Abstract
Osteosarcoma is the most common type of primary malignant bone tumor. 18F-FDG PET/CT is useful for staging, detecting recurrence, monitoring response to neoadjuvant chemotherapy, and predicting prognosis. Here, we review the clinical aspects of osteosarcoma management and assess the role of 18F-FDG PET/CT, in particular with regard to pediatric and young adult patients.

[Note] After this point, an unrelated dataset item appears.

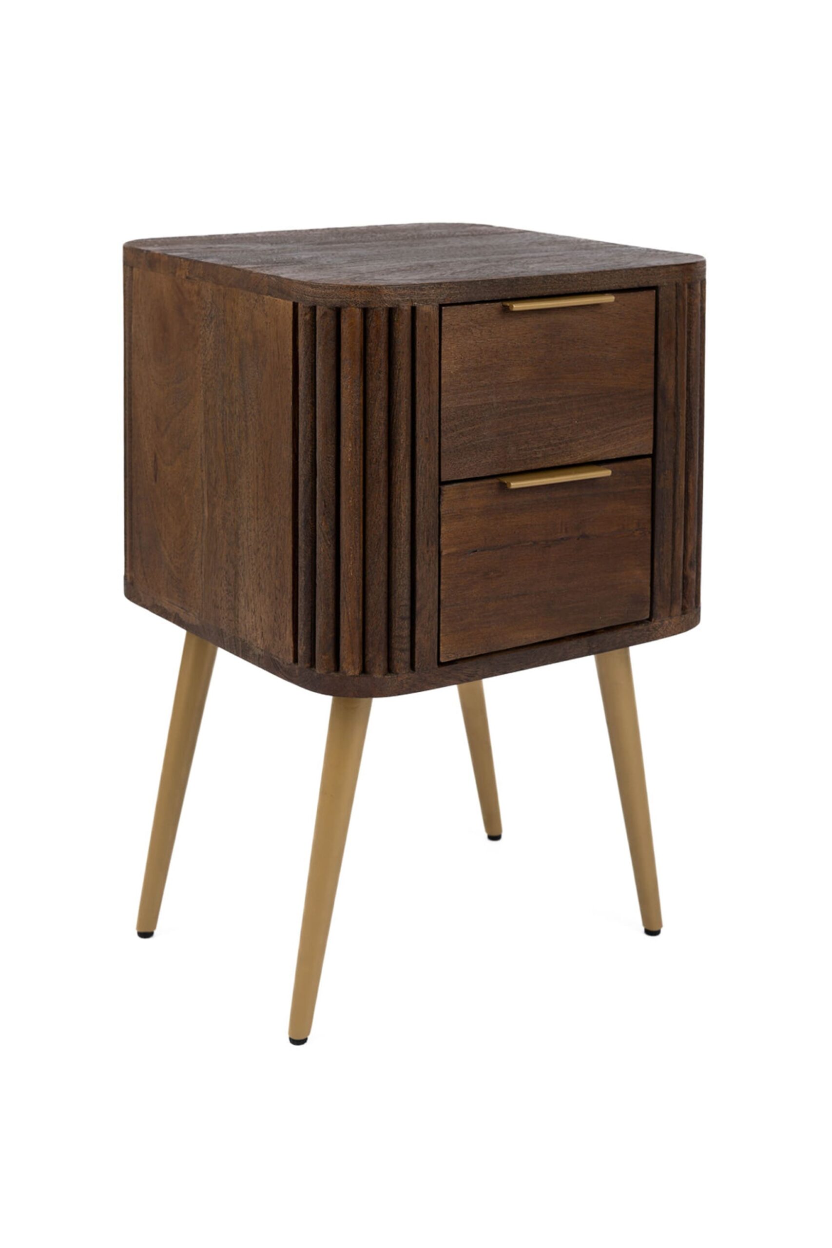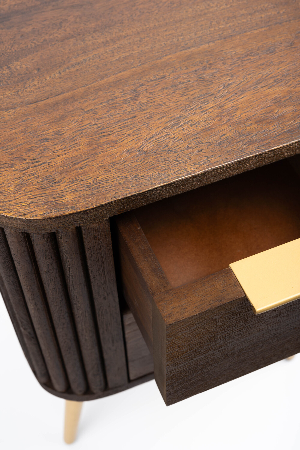 Breng warmte en elegantie in je interieur met nachtkastje JULES. Dit kastje combineert de rijke uitstraling van donker afgewerkt mangohout met een elegante gouden afwerking. De zijkanten zijn afgerond en afgewerkt met latjes, wat het meubel een organische en harmonieuze uitstraling geeft.

Osteosarcoma is the most common type of primary malignant bone tumor. 18F-FDG PET/CT is useful for staging, detecting recurrence, monitoring response to neoadjuvant chemotherapy (NCT), and predicting prognosis. Here, we review the clinical aspects of osteosarcoma management and assess the role of 18F-FDG PET/CT, in particular with regard to pediatric and young adult patients.
DEMOGRAPHICS
Osteosarcoma is the most common type of malignant primary bone tumor, with a peak incidence in 10- to 14-y-olds (1) and a second peak incidence in those older than 50 y. Approximately 4.4 cases per million are diagnosed annually in people aged 0–24 y (2). Primary osteosarcomas commonly arise within the metaphyses of long bones, with 80% presenting within an extremity. Patients typically present with pain that progresses over weeks to months, with localized swelling and a diminished range of motion or function in the affected limb (3). At the time of diagnosis, approximately 10%–20% of patients have evidence of macroscopic metastasis, most commonly in the lung (81%), bone (34%), and, rarely, lymph nodes (2%) (4). Five-year event-free survival rates are approximately 70% (5). 18F-FDG PET/CT has multiple roles in the evaluation of osteosarcoma for staging, clinical and histologic response to therapy during and at the conclusion of treatment, and determining prognosis after completion of therapy (Fig. 1).
STAGING
18F-FDG PET/CT is useful for staging, detecting recurrence, and predicting histologic response and prognosis in the investigation of osteosarcoma. Conventional imaging modalities other than 18F-FDG PET/CT for staging osteosarcoma are summarized in Supplemental Figure 1 (supplemental materials are available at http://jnm.snmjournals.org). During staging, PET/CT is useful for differential diagnosis of primary bone neoplasms and detecting metastatic lesions (Figs. 2 and 3; images are scaled to SUV units as on the color and intensity bars). Combining PET imaging with CT or MRI provides more accurate information on the staging of osteosarcoma than is possible with PET imaging alone (6,7). Also, whole-body imaging with PET/CT can be helpful in staging because osteosarcoma favors the extremities and can be widely metastatic (8). London et al. retrospectively compared the sensitivity and specificity of PET/CT and plain radiography for detecting malignant lesions, including primary and metastatic disease, in patients with pediatric primary bone tumors. PET/CT was more sensitive than plain radiography (98% vs. 83%) and more specific (97% vs. 78%) (9). Strobel et al. compared the diagnostic accuracy of plain radiography, PET, and PET/CT. They found that PET/CT showed 95% sensitivity and 77% specificity, which were the highest rates among the imaging modalities (10). Quartuccio et al. reported that PET/CT has higher accuracy for detecting bone metastasis than CT or dedicated MRI and detects lung metastasis as well as CT does (11). Franzius et al. found that PET performed better than bone scanning for detecting bone metastasis (12), with Hurley et al. finding that PET/CT was more sensitive but bone scanning was more specific (13). Used together in a lesion-based analysis (14), the sensitivity of PET/CT plus bone scanning was 100%, which is higher than that of PET/CT or bone scanning alone, supporting the use of both modalities together to detect bone metastasis (Table 1). This is because some osteoblastic metastases may not show elevated uptake of 18F-FDG, thus yielding false-negative results on PET/CT but positive results on bone scanning (14). In our experience, false-negative cases are rare, and careful review of the CT bone window in a PET/CT scan could reduce them. Thus, we do not routinely perform bone scans on patients with osteosarcoma.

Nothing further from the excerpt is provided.